Extended data figures and tables
Extended Data Figure 1 Experimental rationale for purging and then exposing mutation load.
Having been changed by strong (+SS, red) versus weak (−SS, blue) histories of sexual selection, while under equal influences of natural selection (NS), variation in mutation load residing in the form of recessive alleles is exposed via inbreeding. Inbreeding was enforced through monogamous sib × sib pairings, also eliminating concurrent confounds of interlocus sexual conflict. Populations with reduced mutation load as a result of histories of strong sexual selection are predicted to resist extinction (survival, s) and maintain fitness (f) under continuous inbreeding (i).
Extended Data Figure 2 Experimental evolution protocols for regimes A and B.
Contrasting intensities of strong (red) versus weak (blue) sexual selection were imposed upon each generation of adult reproduction, while equalizing effective population size within a regime, and allowing full genetic mixing within the replicate lines at the egg/larval/pupal stages. From the start, each treatment was replicated to create three independent lines. Regime A (a) applied contrasting sexual selection by varying adult operational sex ratio, while regime B (b) enforced monogamy to compare against polyandry.
Extended Data Figure 3 Extinction and fitness decline protocols.
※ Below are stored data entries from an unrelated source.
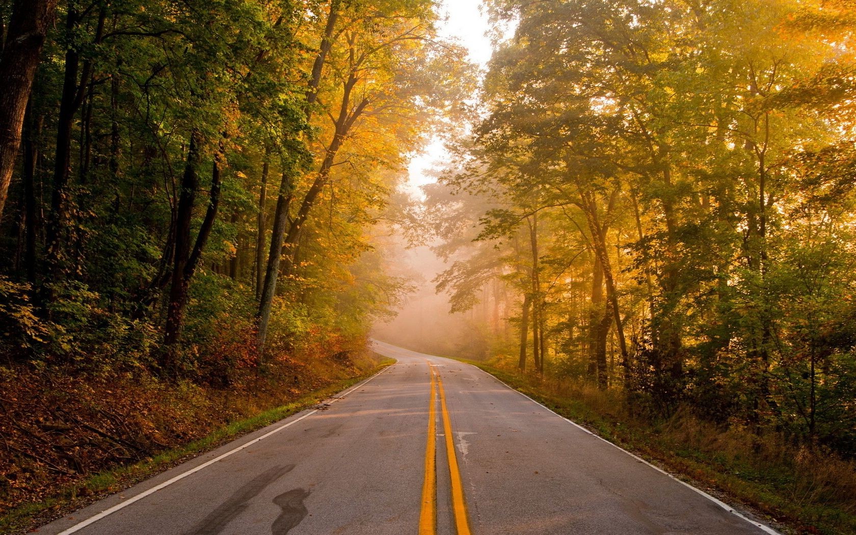 Luce alla fine della strada nella foresta d'autunnoLuce alla fine della strada nella foresta d'autunno
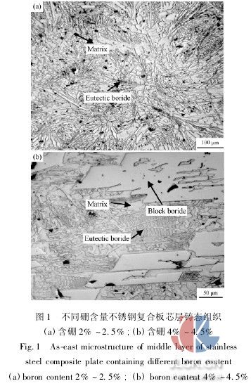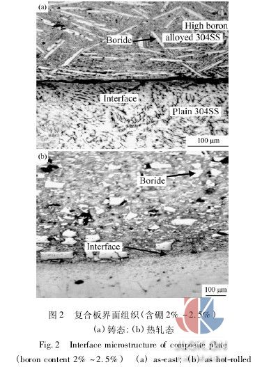 采用10kg真空熔煉爐在0.1kpa的真空條件下熔煉并澆鑄出3種不同硼含量的高硼不銹鋼芯料,將芯料置于澆鑄模內(nèi),從鑄模的上澆口中澆入作為覆層的普通不銹鋼,使之包覆在芯料周圍,制備出尺寸為120mm×100 mm×80mm,硼含量分別為2.0%~2. 5%、3.0%~3.5%、4.0%~4.5%的復(fù)合材料坯料。包覆澆鑄后的坯料在1150℃下經(jīng)過鍛造及350型可逆熱軋機(jī)上的熱軋變形,軋制成最終厚度為3mm左右的不銹鋼復(fù)合板。軋制變形時(shí),最初2道次的壓下量為20%~30%,使鑄態(tài)組織充分破碎,隨后壓下量降低至15%左右,每4~5個(gè)道次回爐重新加熱。
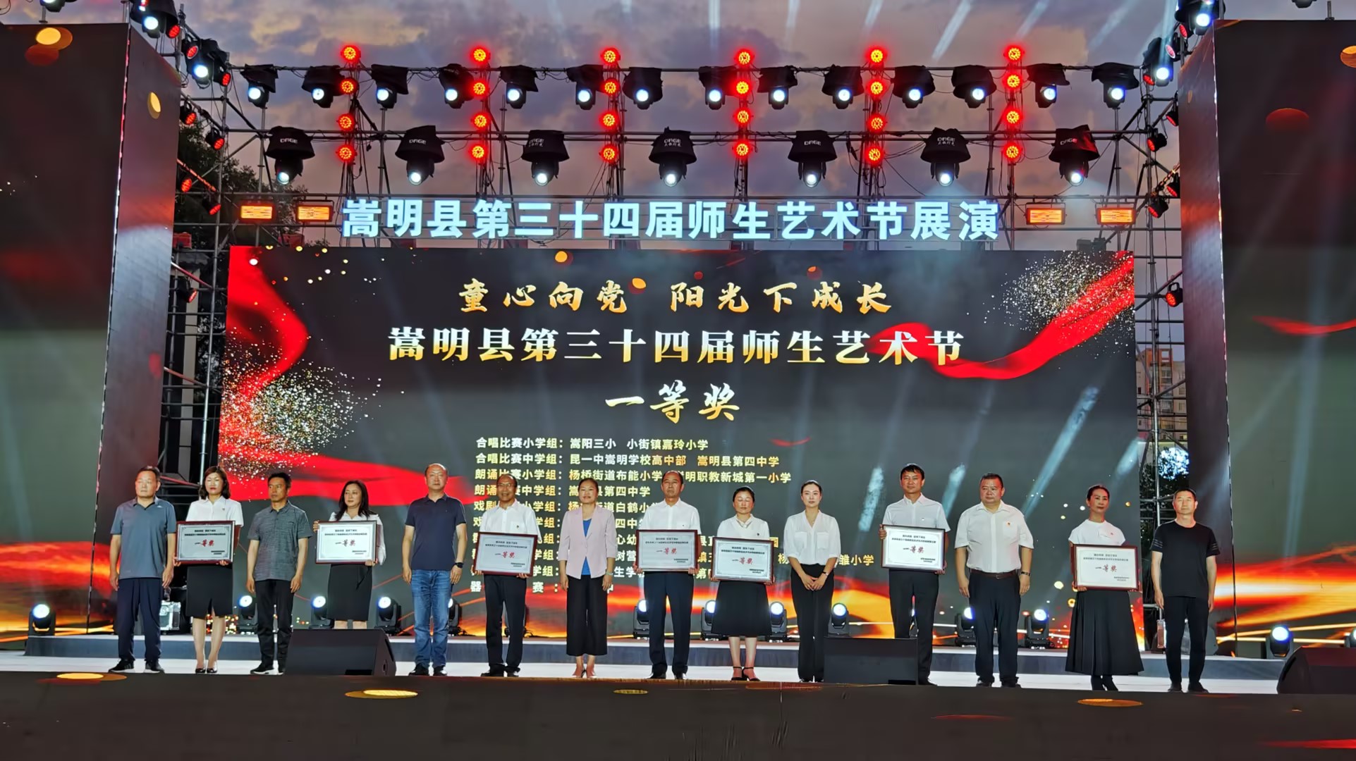 据了解,嵩明县第三十四届师生艺术节文艺展演从3月份至今,设置了书画比赛、独舞、独唱、独奏、群舞、合唱、戏剧等丰富多彩的艺术形式,100多个学校参与,共编排节目400余个,选送文艺节目108个。经过评审,共有70个集体在文艺展演和艺术作品展示中获奖,86人次在个人文艺比赛、67个艺术作品展评中获奖。在当天的节目展演开始之前,领导和嘉宾为在此次艺术节中获奖的个人和集体颁奖。

Inbreeding in family lines was performed via sib × sib crosses for up to 20 generations across 3 years. To measure extinction (a), a family was considered extinct when it failed to produce offspring, or offspring were of the same sex (which occurred in only 9 out of 216 family lines, indicating no sex-specific pre-adult mortality by treatment). In regime A, extinction data were collected from 28 initial families per line, three lines per sexual selection treatment, comparing both strong versus weak treatments (n = 168 total family lines). In regime B, extinction data were collected from eight initial families per line, three lines per sexual selection treatment, comparing both strong versus weak treatments (n = 48 total family lines). To measure fitness decline (b), two additional sib × sib pairs per family per generation were bred to estimate reproductive fitness in every generation by counting number of offspring produced (see Methods). In both regimes A and B, fitness data were collected from eight initial families per line, three lines per sexual selection treatment, and both strong versus weak treatment contrasts in each.
Extended Data Figure 4 Estimated heterozygosity (±s.e.m.) does not differ between experimental evolution sexual selection treatments within regime A (left) and regime B (right).
Linear mixed effect modelling showed the estimated heterozygosity of the male-biased selection treatment (M: Hest = 0.312, t = 9.468) is not significantly different from that of female-biased (F: Hest = 0.318, t = 9.295, P = 0.863), but is significantly different from monogamous and polyandrous treatments (Mo: Hest = 0.199, t = 6.453, P = 0.003; Po: Hest = 0.197, t = 6.397, P = 0.003). The estimated heterozygosities of monogamous and polyandrous treatments are not significantly different (P = 0.956) (see Methods).
Extended Data Figure 5 Concordance between raw data and model fit in extinction analyses.
Survival curves of raw data (thick and dotted lines) overlaid on model fit (shaded areas with mean curves and 95% confidence intervals). Survival of families derived from strong (red, solid line) or weak (blue, dotted line) sexual selection treatment histories differed: (a) regime A, male-biased (red) versus female-biased (blue) sexual selection treatments; (b) regime B, polyandrous (red) versus monogamous (blue); (c) regimes A and B combined into a single analysis. See Fig. 1 and the main text for results of statistical analyses, and Methods and Extended Data Figs 2 and 3 for details of protocols, methods and experimental design.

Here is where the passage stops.